In brief, the committee managed to come up with only one very small group that was eligible for monetary compensation. In a tortuously worded statement, the panel declared that anyone who had been used in
an experiment in which the government tried to keep information secret out of fear of embarrassment or potential liability should be compensated. Although deception was rife in all the experiments, and in many of them for precisely those reasons, the only experimental subjects the panel specified as fitting into this category were the relatives of the plutonium injectees, a woman known as CAL-Z, who was injected with zirconium in 1948 by Berkeley scientists, and the fourteen people used in the Met Lab’s total-body irradiation experiment at the Chicago Tumor Clinic. Practically speaking, the only people who would actually receive any money were the families of the plutonium injectees because the identities of the zirconium patient and the fourteen TBI subjects have never been revealed.
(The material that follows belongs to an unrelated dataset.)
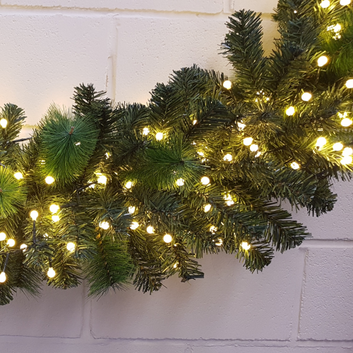 - Cable verde oscuro con 240 LEDs blanco + 240 LEDs blanco cálido – para un efecto luminoso cálido y armonioso.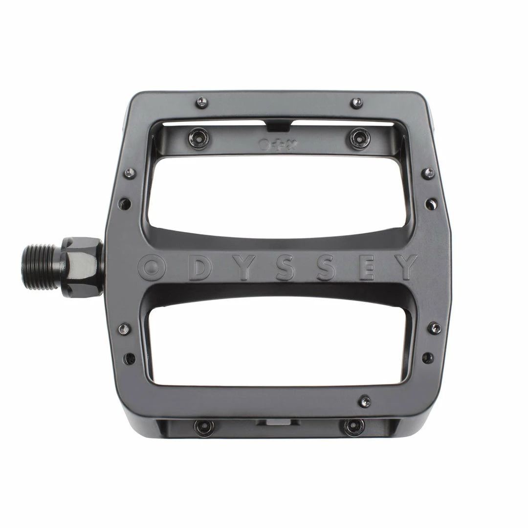 While maintaining the slim profile, wide platform, yet genuinely thin 17mm body of the original Grandstand pedal, the Odyssey Grandstand V2 Alloy Tom Dugan Platform Pedals comes with an updated bushing system to reduce axial pedal movement.

The committee also made a general recommendation that subjects who were harmed in experiments that were not intended to have any therapeutic benefit be compensated. Many of the controversial projects, such as the testicular irradiation experiments, fell into this category. But the panel said it could not make specific recommendations about those experiments because it didn’t have time to undertake the individualized fact-finding.
Finally, the committee recommended that people who were used in radiation experiments in which they were not harmed but did not give their informed consent should be given a personalized apology. This recommendation was directed at the “tracer” studies, which comprised the majority of experiments done during the Cold War. With scant scientific data on which to base their conclusion and no information whatsoever about the identities of people used in the experiments, the Advisory Committee asserted repeatedly that most of the “tracer” studies caused no physical harm. But some of the tracer studies did, in fact, deliver large doses, and it’s impossible to say with certainty that no harm occurred without going to individual cases.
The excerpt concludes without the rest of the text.